TYPE                 0
YEAR                 0
MONTH                0
HOUR             54362
HUNDRED_BLOCK       13
NEIGHBOURHOOD    56624
dtype: int64

**Since most of the missing data is in the hour and neighborhood columns, we are going to work with two situations. The first the full data frame of our sample space, with all of the crimes ( but we will only be able to use these for our calculations that do not involve the HOUR or NEIGHBORHOOD features.**

**The second will be the smaller subset of data that does include both the hour and neighborhood information.
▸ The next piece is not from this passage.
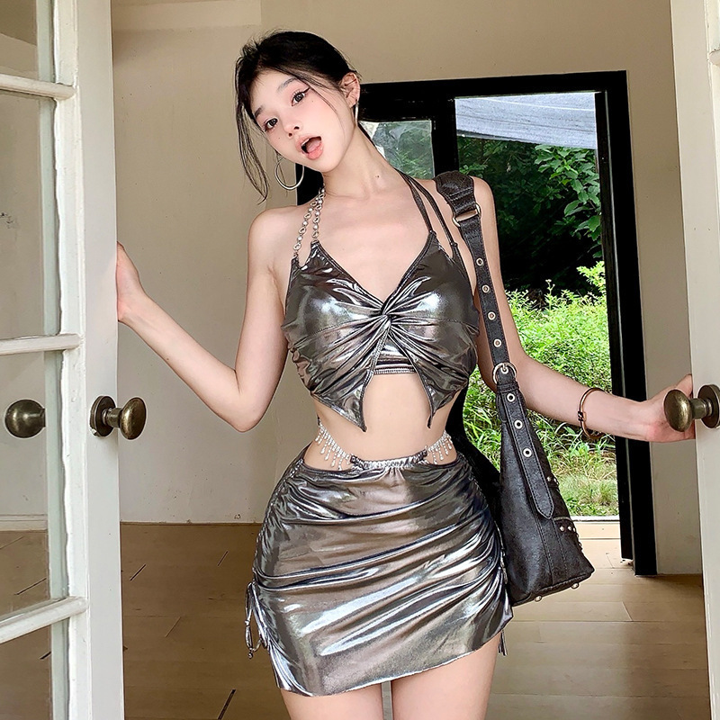 섹시한 태국 스타일 뜨거운 소녀 수영복 여성 Instagram 스타일 분할 스커트 3 피스 세트 나이트 클럽 스타일 실버 스커트 온천 수영복
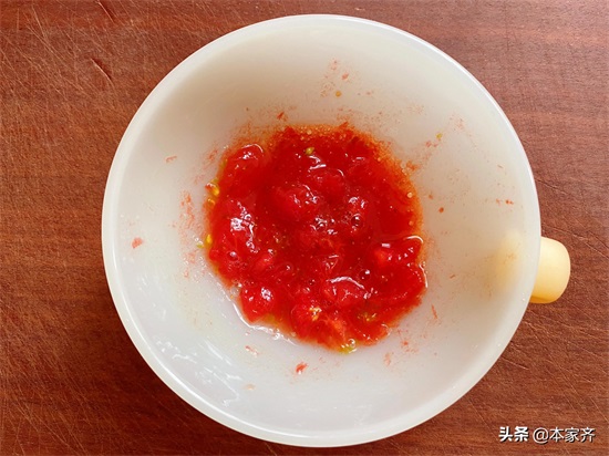 小番茄表面划十字口,放进开水里,一分钟后取出去皮,用勺子捣成碎丁即可。

This will not be used for trends and calculations on year/month, but will be used on calculations about neighborhood and hour of day.**

In [19]:
#TODO Make two subsets of the df - one with dropped NaN's and dropped hour/neighborhood/hundred_block columns. 
# The other, with the only the variables that have all of their values.

---
# Data Exploration
*Questions for us to try and answer with statistics:*
1. How does the number of crimes change year to year? Are they getting more or less frequent?
2. Which months are above average in their crime rate? Below average?
3. Are certain crimes more common at a certain time of day? Is there any correlation between the rate of a certain crime and the time of day?
4. Which neigborhoods have the least reported crimes? Which have the most? 
5. Can we represent the relationship of crime types and neighbourhoods in a data frame?

### Initial Peeks

*Let's quickly take a look at the data before we dive in for answers*

In [7]:
df.describe(include="all")

Unnamed: 0,TYPE,YEAR,MONTH,HOUR,HUNDRED_BLOCK,NEIGHBOURHOOD
count,530652,530652.0,530652,476290.0,530639,474028
unique,11,,12,,21204,24
top,Theft from Vehicle,,May,,OFFSET TO PROTECT PRIVACY,Central Business District
freq,172700,,46883,,54362,110947
mean,,2009.197956,,13.993584,,
std,,4.386272,,6.759629,,
min,,2003.0,,0.0,,
25%,,2005.0,,9.42,,
50%,,2009.0,,15.5,,
75%,,2013.0,,19.4,,


NEED TO

* learn how to pivot catagorical data into numerical data
* learn how to get mean and variance of the data (df.describe()?)